## Problem description
In the entries that follow, find the line containing "某區(qū)基層黨建工作經(jīng)驗" and the line containing "Social, Media, Mockup", then copy exactly everything from the first through the second except the pictures.

## Extracted data
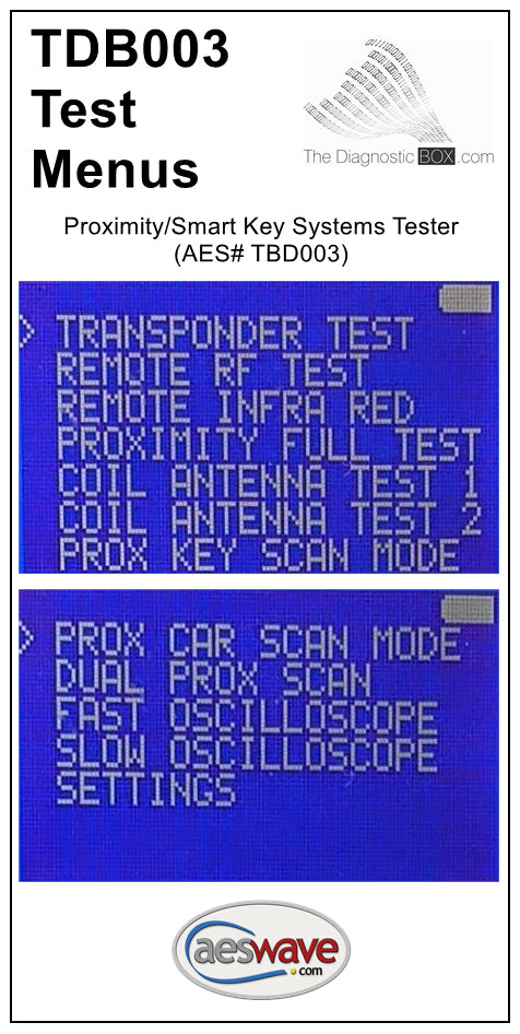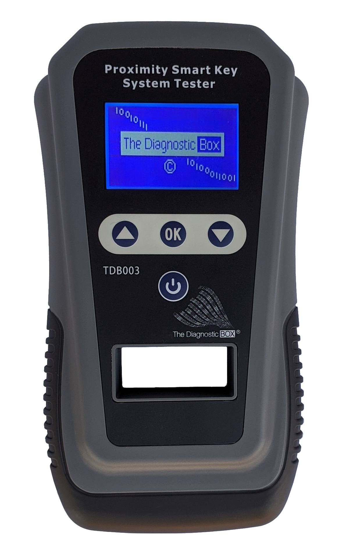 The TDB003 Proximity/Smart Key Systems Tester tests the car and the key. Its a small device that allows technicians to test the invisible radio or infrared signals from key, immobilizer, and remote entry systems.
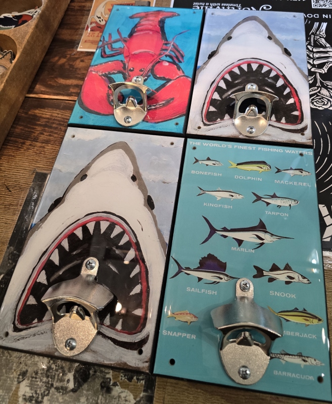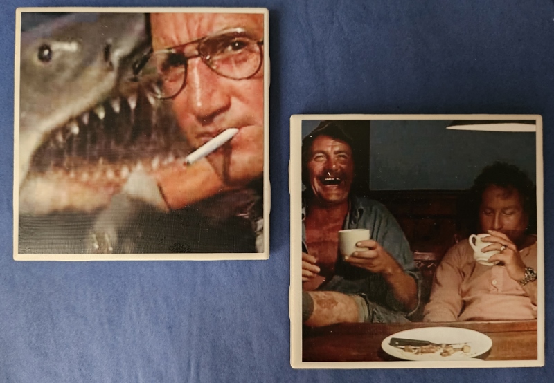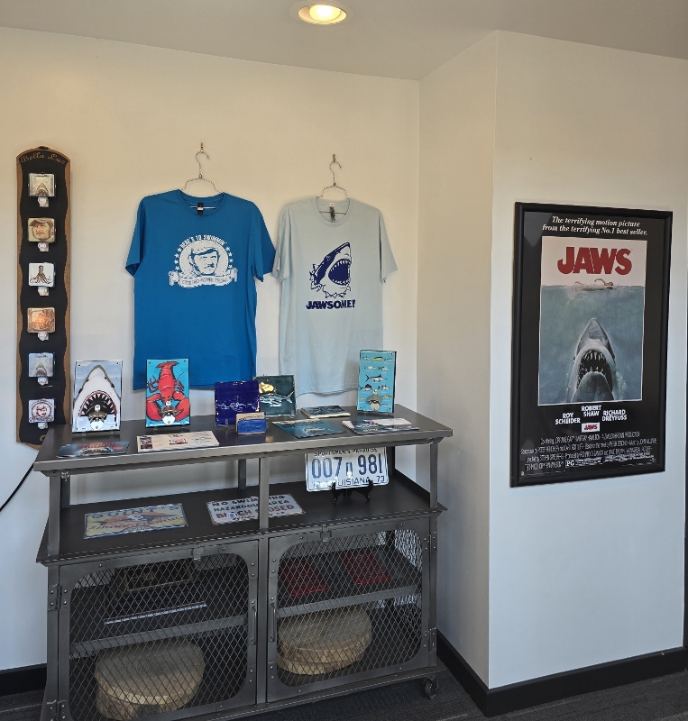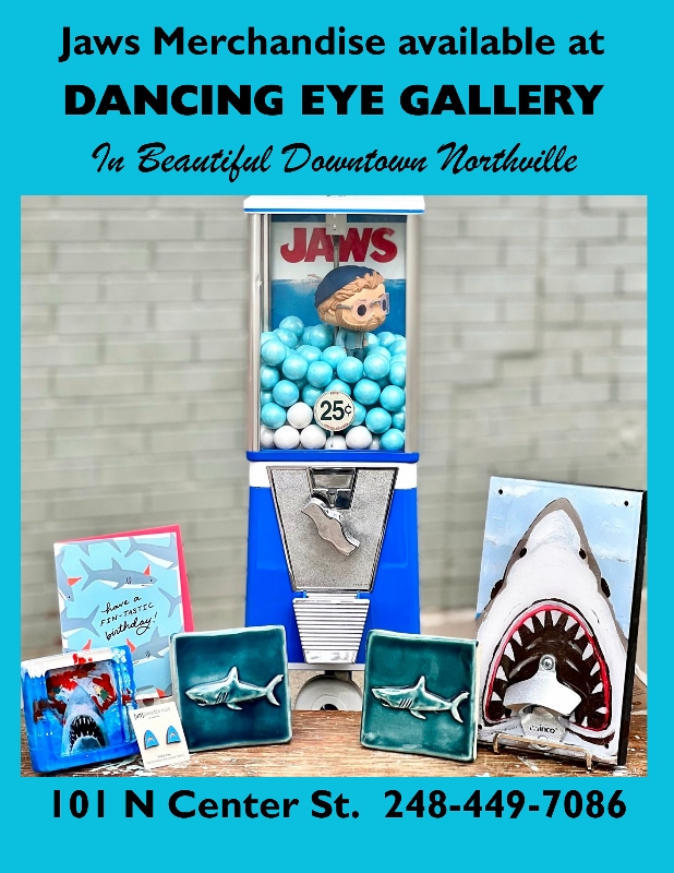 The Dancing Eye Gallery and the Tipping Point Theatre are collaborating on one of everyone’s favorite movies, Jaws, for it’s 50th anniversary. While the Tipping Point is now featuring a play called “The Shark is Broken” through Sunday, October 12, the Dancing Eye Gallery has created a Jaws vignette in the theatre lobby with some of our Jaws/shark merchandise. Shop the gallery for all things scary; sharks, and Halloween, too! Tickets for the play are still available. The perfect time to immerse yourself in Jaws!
* * *
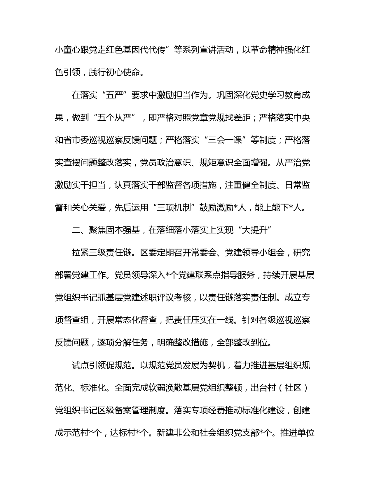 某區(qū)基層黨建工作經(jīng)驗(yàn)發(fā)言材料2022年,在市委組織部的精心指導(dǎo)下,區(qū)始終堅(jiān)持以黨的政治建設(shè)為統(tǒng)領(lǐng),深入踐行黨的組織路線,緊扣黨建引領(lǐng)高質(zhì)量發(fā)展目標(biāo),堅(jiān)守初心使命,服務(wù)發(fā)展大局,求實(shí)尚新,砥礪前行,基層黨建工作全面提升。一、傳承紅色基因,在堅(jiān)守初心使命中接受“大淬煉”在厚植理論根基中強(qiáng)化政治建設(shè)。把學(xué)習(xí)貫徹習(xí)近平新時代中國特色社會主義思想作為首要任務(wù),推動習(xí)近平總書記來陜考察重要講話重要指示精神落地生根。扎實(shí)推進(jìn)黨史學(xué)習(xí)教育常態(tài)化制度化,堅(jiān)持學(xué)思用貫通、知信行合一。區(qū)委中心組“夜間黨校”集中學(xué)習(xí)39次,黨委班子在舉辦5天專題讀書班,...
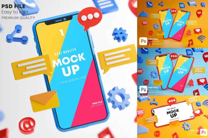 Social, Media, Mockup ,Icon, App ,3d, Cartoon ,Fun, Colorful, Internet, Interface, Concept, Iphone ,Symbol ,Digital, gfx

## Finished exercise
 某區(qū)基層黨建工作經(jīng)驗(yàn)發(fā)言材料2022年,在市委組織部的精心指導(dǎo)下,區(qū)始終堅(jiān)持以黨的政治建設(shè)為統(tǒng)領(lǐng),深入踐行黨的組織路線,緊扣黨建引領(lǐng)高質(zhì)量發(fā)展目標(biāo),堅(jiān)守初心使命,服務(wù)發(fā)展大局,求實(shí)尚新,砥礪前行,基層黨建工作全面提升。一、傳承紅色基因,在堅(jiān)守初心使命中接受“大淬煉”在厚植理論根基中強(qiáng)化政治建設(shè)。把學(xué)習(xí)貫徹習(xí)近平新時代中國特色社會主義思想作為首要任務(wù),推動習(xí)近平總書記來陜考察重要講話重要指示精神落地生根。扎實(shí)推進(jìn)黨史學(xué)習(xí)教育常態(tài)化制度化,堅(jiān)持學(xué)思用貫通、知信行合一。區(qū)委中心組“夜間黨校”集中學(xué)習(xí)39次,黨委班子在舉辦5天專題讀書班,...
 Social, Media, Mockup ,Icon, App ,3d, Cartoon ,Fun, Colorful, Internet, Interface, Concept, Iphone ,Symbol ,Digital, gfx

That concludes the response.